EXERCISE OBJECTIVE:
Your answer is to be the count alone: the number of lines in the data below where "year" appears.
= Beginning of Section =
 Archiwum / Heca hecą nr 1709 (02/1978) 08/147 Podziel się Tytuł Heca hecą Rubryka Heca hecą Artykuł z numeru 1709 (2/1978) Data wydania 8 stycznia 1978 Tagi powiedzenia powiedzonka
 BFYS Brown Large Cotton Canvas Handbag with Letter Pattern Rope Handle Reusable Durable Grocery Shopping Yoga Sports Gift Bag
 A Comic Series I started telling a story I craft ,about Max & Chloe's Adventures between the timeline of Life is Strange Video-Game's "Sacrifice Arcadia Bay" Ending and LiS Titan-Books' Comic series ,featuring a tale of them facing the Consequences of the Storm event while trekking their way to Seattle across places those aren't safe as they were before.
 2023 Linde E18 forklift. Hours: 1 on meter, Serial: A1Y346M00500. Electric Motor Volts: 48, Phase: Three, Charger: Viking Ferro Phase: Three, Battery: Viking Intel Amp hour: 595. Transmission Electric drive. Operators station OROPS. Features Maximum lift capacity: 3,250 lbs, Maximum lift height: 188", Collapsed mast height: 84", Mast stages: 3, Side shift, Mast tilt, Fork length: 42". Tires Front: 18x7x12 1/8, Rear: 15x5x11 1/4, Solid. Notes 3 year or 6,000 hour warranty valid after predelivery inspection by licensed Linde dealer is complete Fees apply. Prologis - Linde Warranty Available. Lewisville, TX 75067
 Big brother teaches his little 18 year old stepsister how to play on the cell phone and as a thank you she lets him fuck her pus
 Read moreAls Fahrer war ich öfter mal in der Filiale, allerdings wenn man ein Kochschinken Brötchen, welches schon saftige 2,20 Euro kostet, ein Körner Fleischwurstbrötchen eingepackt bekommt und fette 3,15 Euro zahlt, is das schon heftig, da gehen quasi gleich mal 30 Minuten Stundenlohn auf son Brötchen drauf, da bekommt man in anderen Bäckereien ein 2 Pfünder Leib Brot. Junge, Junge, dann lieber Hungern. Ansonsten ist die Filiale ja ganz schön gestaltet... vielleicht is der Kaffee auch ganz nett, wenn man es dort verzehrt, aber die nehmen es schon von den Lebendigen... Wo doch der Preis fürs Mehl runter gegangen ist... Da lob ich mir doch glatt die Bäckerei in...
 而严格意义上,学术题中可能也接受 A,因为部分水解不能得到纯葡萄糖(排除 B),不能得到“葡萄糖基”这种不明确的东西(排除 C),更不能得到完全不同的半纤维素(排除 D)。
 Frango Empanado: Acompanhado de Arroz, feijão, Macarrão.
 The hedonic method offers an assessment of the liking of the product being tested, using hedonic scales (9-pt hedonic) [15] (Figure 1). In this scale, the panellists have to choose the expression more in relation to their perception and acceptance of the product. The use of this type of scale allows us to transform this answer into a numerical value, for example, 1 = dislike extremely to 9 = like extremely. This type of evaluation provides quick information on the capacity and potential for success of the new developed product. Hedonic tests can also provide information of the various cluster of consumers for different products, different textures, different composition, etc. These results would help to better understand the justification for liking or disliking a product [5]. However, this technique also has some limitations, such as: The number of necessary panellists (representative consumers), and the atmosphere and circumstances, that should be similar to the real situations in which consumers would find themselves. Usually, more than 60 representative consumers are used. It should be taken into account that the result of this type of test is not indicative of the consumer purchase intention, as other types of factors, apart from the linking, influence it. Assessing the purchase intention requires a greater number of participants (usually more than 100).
= End of Section =
RESPONSE TO THE TASK:
2